Task statement
Your copy should start at the line with "Красочная книга с" and end at the line with "2025年12月29日,江南" in the data below. Transcribe only those lines, exactly, pictures excluded.
═════ Task material
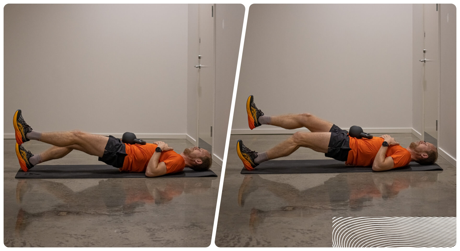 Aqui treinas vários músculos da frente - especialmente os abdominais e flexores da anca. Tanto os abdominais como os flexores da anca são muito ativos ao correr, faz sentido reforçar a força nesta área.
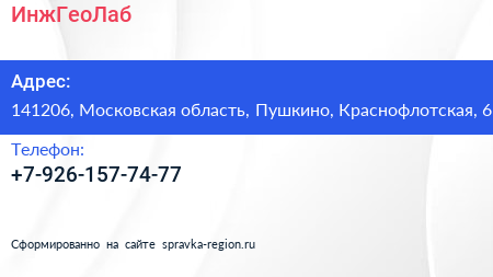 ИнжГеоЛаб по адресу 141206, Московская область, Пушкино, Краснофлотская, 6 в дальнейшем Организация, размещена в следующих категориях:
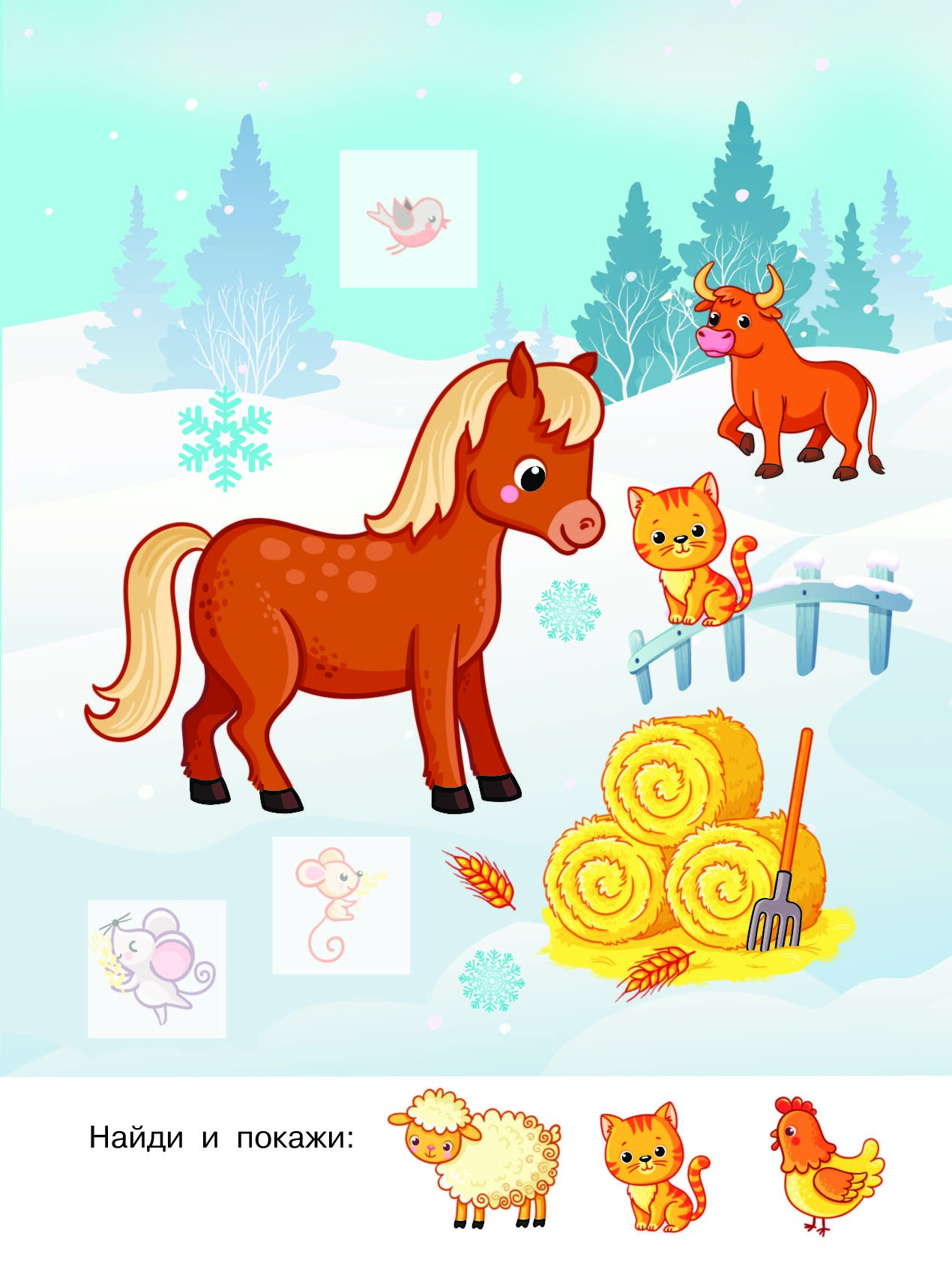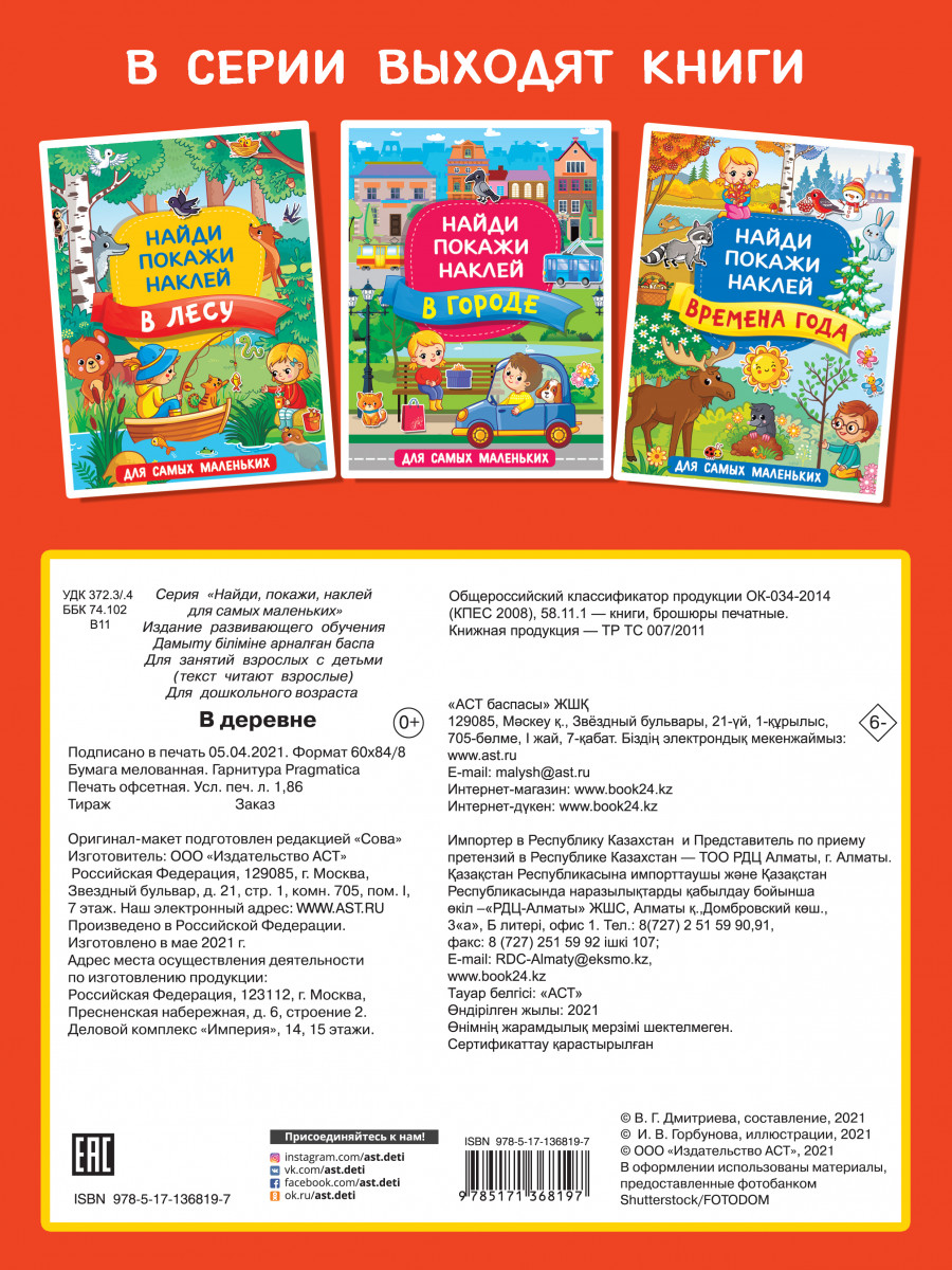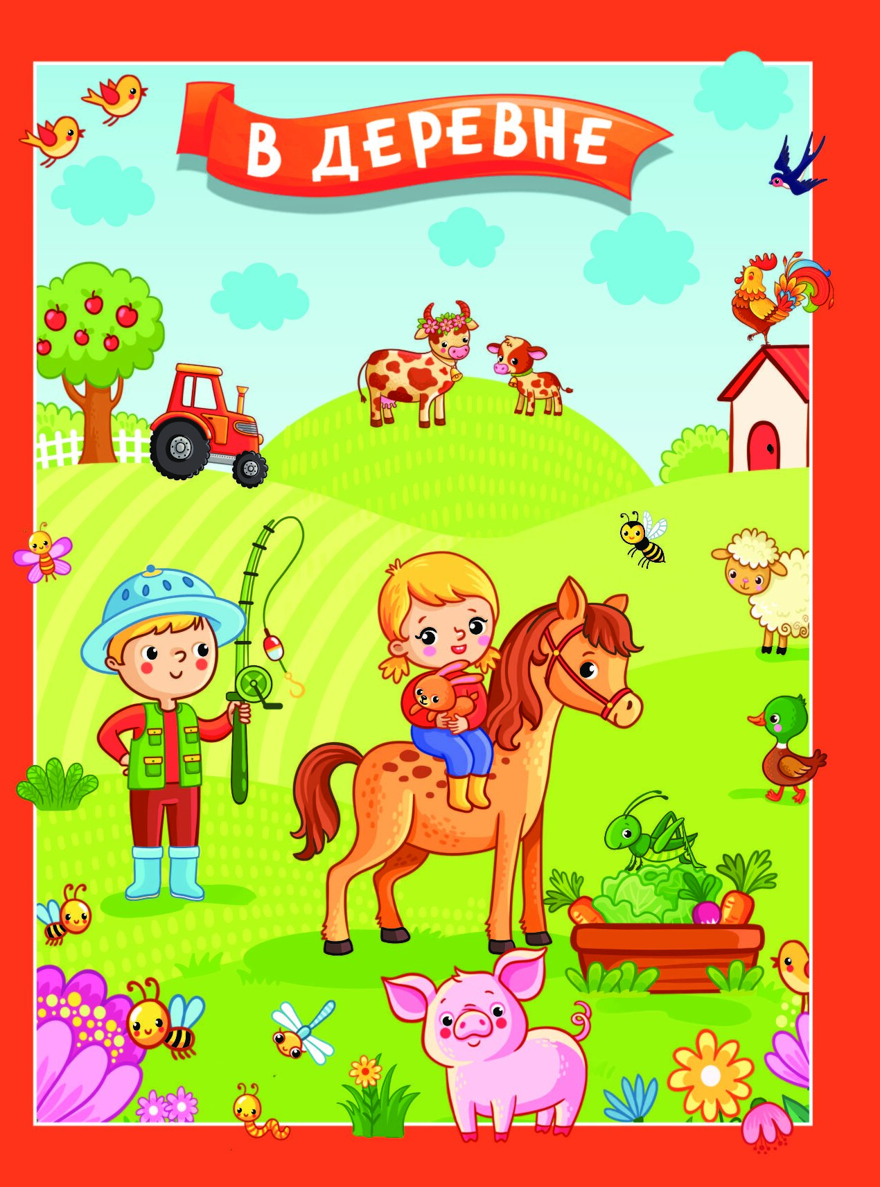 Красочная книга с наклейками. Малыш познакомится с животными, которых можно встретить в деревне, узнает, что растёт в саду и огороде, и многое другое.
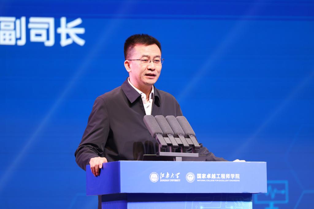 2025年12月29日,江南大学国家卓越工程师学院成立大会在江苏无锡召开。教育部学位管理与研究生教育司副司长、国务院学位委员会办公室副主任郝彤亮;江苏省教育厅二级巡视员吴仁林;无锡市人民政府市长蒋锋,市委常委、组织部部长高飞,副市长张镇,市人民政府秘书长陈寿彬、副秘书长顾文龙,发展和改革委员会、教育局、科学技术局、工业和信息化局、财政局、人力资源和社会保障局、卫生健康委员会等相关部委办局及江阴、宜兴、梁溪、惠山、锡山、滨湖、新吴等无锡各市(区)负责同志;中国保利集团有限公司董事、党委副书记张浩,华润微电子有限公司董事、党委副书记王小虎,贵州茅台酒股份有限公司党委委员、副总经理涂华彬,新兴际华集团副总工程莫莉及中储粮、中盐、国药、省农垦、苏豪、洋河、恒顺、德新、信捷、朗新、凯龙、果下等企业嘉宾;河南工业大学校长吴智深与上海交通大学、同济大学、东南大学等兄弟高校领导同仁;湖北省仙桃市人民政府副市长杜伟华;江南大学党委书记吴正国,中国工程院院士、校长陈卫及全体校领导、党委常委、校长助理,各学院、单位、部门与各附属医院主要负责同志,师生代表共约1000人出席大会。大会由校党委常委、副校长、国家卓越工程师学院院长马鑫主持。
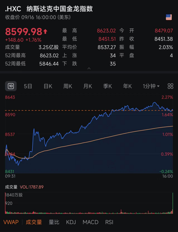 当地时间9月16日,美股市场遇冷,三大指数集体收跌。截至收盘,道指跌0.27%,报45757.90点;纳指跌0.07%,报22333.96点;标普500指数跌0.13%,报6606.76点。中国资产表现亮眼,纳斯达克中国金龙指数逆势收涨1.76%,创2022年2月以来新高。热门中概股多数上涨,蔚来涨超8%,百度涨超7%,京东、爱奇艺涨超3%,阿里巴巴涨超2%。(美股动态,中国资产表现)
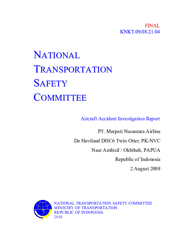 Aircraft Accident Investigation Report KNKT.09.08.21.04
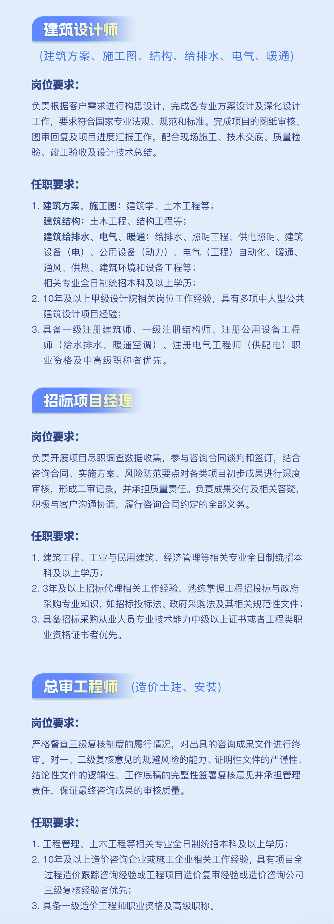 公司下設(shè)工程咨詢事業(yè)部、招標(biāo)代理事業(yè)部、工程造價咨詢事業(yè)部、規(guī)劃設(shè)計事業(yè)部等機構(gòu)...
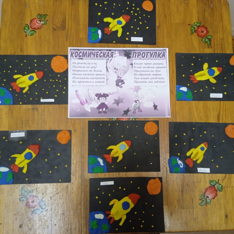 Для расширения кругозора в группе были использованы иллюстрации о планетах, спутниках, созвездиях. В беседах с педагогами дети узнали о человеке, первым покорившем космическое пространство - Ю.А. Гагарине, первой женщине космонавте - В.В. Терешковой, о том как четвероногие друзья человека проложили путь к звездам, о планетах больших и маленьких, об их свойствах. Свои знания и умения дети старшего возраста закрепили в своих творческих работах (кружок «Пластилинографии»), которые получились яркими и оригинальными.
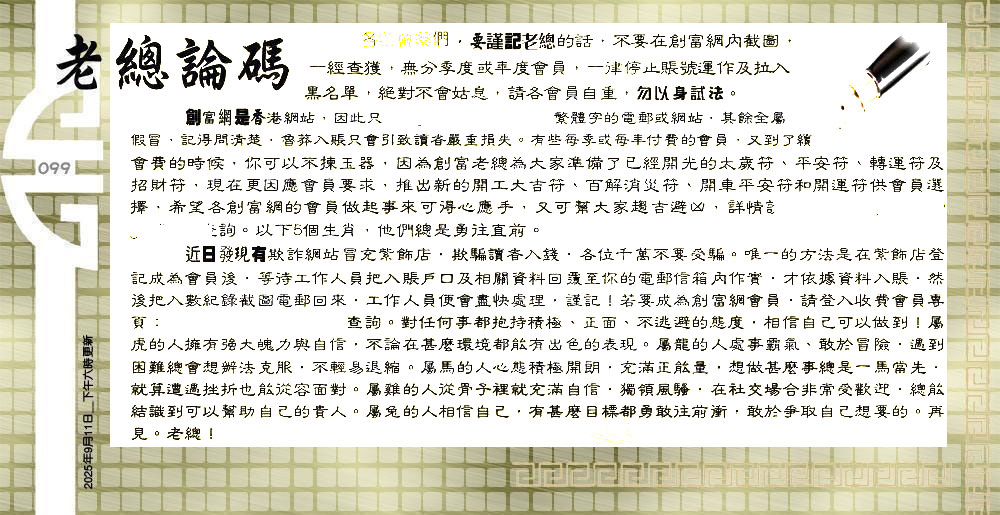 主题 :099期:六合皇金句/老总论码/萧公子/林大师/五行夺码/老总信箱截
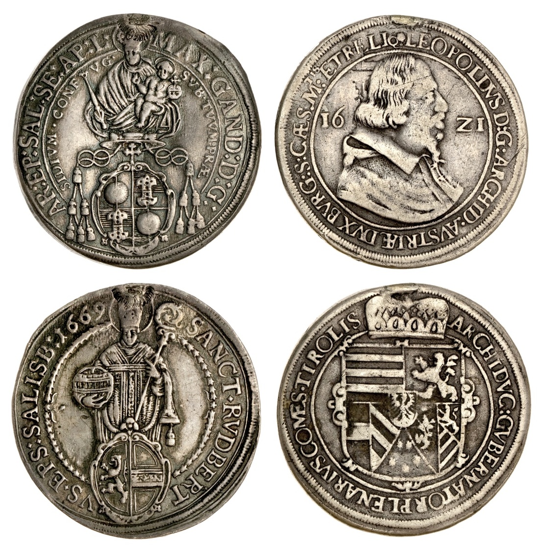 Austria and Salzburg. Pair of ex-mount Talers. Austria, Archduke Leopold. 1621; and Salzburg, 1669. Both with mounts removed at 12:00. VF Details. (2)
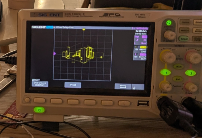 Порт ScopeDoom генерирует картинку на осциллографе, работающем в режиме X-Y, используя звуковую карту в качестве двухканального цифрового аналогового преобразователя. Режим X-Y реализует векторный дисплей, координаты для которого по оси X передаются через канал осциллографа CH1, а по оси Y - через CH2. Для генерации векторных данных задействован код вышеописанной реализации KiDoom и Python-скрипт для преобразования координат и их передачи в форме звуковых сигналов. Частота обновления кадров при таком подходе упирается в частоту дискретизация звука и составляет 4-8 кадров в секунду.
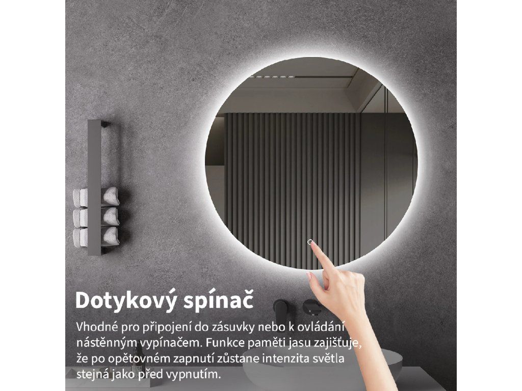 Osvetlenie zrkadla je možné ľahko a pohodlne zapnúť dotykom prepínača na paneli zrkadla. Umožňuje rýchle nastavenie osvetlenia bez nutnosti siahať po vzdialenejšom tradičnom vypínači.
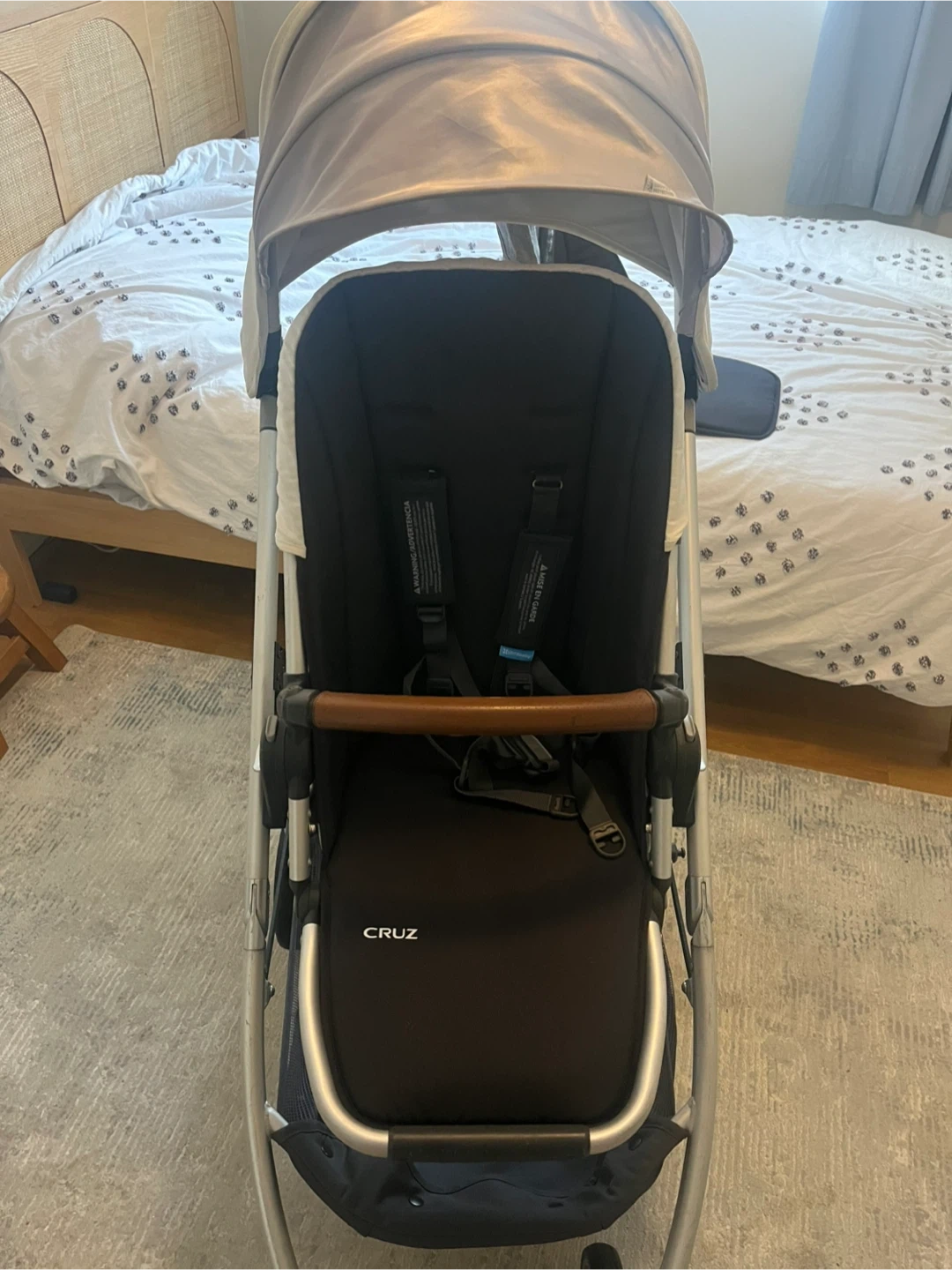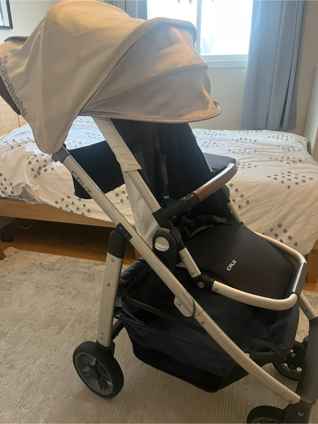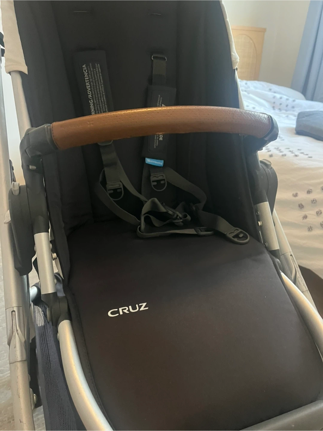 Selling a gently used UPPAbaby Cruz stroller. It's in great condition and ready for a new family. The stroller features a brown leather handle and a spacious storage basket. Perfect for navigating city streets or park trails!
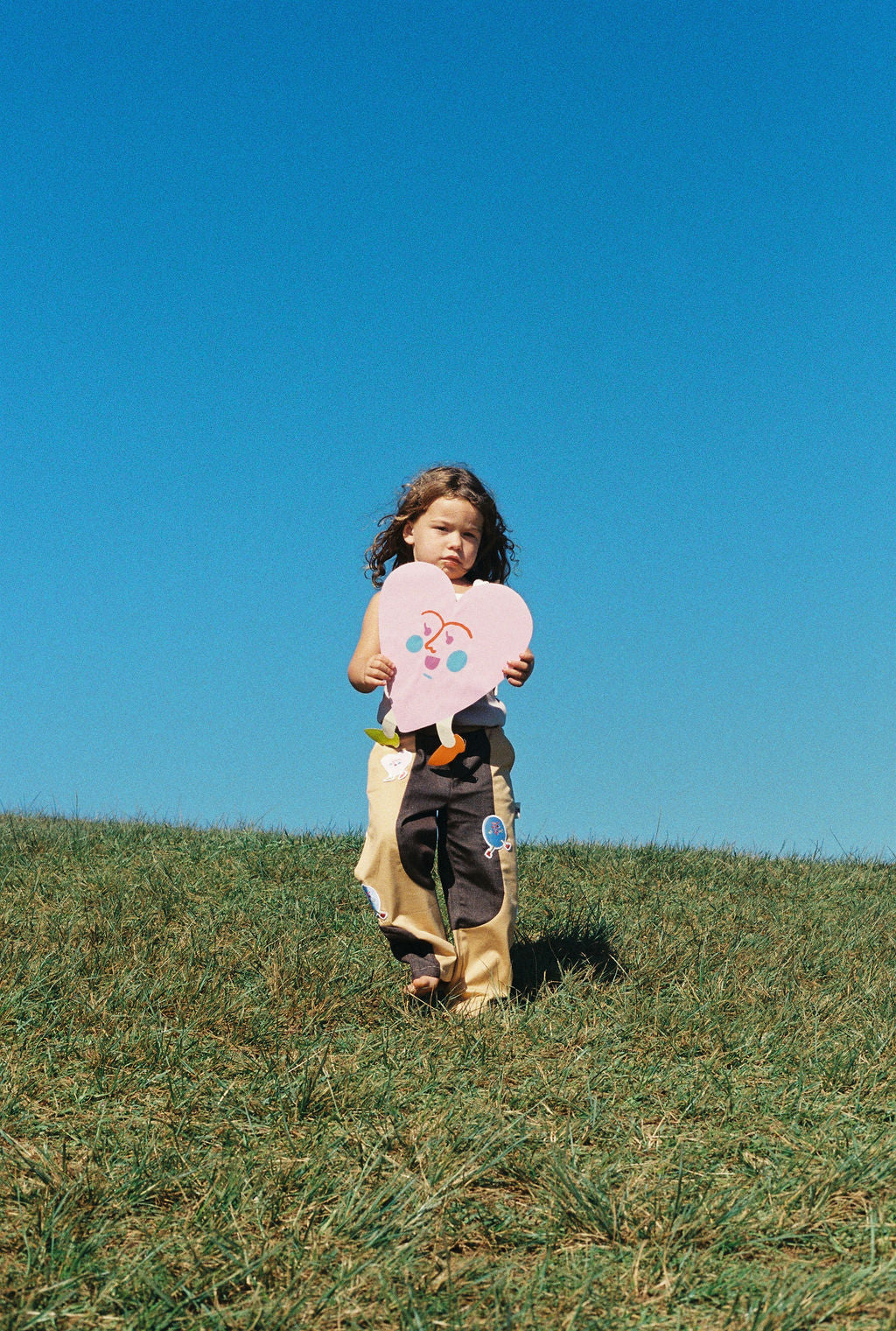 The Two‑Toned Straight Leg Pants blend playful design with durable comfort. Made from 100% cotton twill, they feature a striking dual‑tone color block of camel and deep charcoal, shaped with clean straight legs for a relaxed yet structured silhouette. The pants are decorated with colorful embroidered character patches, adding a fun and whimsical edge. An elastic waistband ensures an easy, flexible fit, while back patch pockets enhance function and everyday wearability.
══════════
Written answer
 Красочная книга с наклейками. Малыш познакомится с животными, которых можно встретить в деревне, узнает, что растёт в саду и огороде, и многое другое.
 2025年12月29日,江南大学国家卓越工程师学院成立大会在江苏无锡召开。教育部学位管理与研究生教育司副司长、国务院学位委员会办公室副主任郝彤亮;江苏省教育厅二级巡视员吴仁林;无锡市人民政府市长蒋锋,市委常委、组织部部长高飞,副市长张镇,市人民政府秘书长陈寿彬、副秘书长顾文龙,发展和改革委员会、教育局、科学技术局、工业和信息化局、财政局、人力资源和社会保障局、卫生健康委员会等相关部委办局及江阴、宜兴、梁溪、惠山、锡山、滨湖、新吴等无锡各市(区)负责同志;中国保利集团有限公司董事、党委副书记张浩,华润微电子有限公司董事、党委副书记王小虎,贵州茅台酒股份有限公司党委委员、副总经理涂华彬,新兴际华集团副总工程莫莉及中储粮、中盐、国药、省农垦、苏豪、洋河、恒顺、德新、信捷、朗新、凯龙、果下等企业嘉宾;河南工业大学校长吴智深与上海交通大学、同济大学、东南大学等兄弟高校领导同仁;湖北省仙桃市人民政府副市长杜伟华;江南大学党委书记吴正国,中国工程院院士、校长陈卫及全体校领导、党委常委、校长助理,各学院、单位、部门与各附属医院主要负责同志,师生代表共约1000人出席大会。大会由校党委常委、副校长、国家卓越工程师学院院长马鑫主持。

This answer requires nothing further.